Monday, 15th September 2014
In General Japan News,
Narita trials bird strike measures
Bird strikes are a serious problem at large international airports, with flocks of creatures flying into engines and causing damage every day, which is expensive to repair. However, Narita Airport in Tokyo believes it may have a potential answer.
The measure set to be enforced involves working with a local falconer, who will twice a day launch hawks into the air around the runways. Hawks are highly territorial and have been known to kill other birds in areas they perceive to be their territory.
Last year, 113 bird strikes were reported at Narita Airport, up on 62 the previous year. The dramatic increase was put down to the extension of Runway B, and prompted officials to take action.
Staff were trained to fire blanks at birds five times a day in areas where the winged creatures were prominent, but this had little effect. So airport officials came up with the idea of patrolling a falconer around the runway during the morning and evening hours, when bird strikes are most common.

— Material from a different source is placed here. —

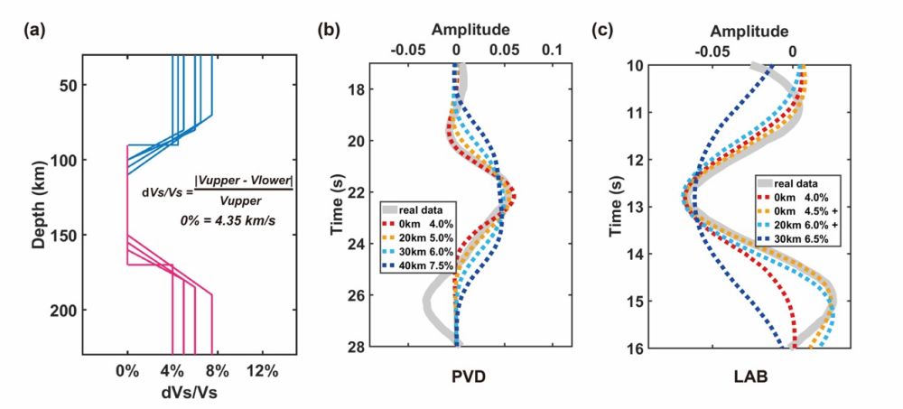图3 (a)用于拟合速度间断面结构的1-D速度模型;(b)软流圈低速层底界面(PVD)拟合结果;(c)岩石圈-软流圈边界(LAB)拟合结果

If the one-week trial is successful, Narita will look into employing falconers full time in an effort to reduce the incidents, which have the potential to cause tragedy.

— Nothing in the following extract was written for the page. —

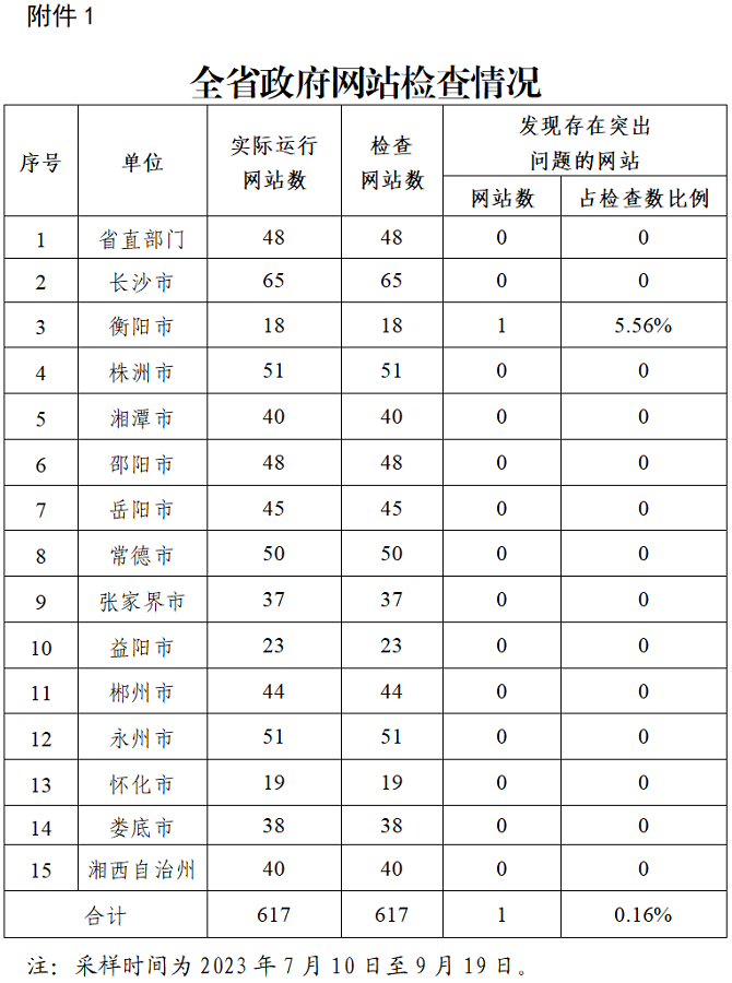 湖南省政务管理服务局关于2023年第三季度全省政府网站与政务新媒体检查情况的通报

In January 2009, a US Airways jet taking off from New York's LaGuardia Airport was forced to abandon its flight plan and land in the Hudson River, after a flock of birds knocked out its engines. Fortunately, nobody was hurt in the incident.
Officials say that they will continue to examine measures to decrease the number of bird strikes, whether or not the falconer is successful. However, for now, the one-week trial is their best hope.
Summer months are considered the peak season for bird strikes.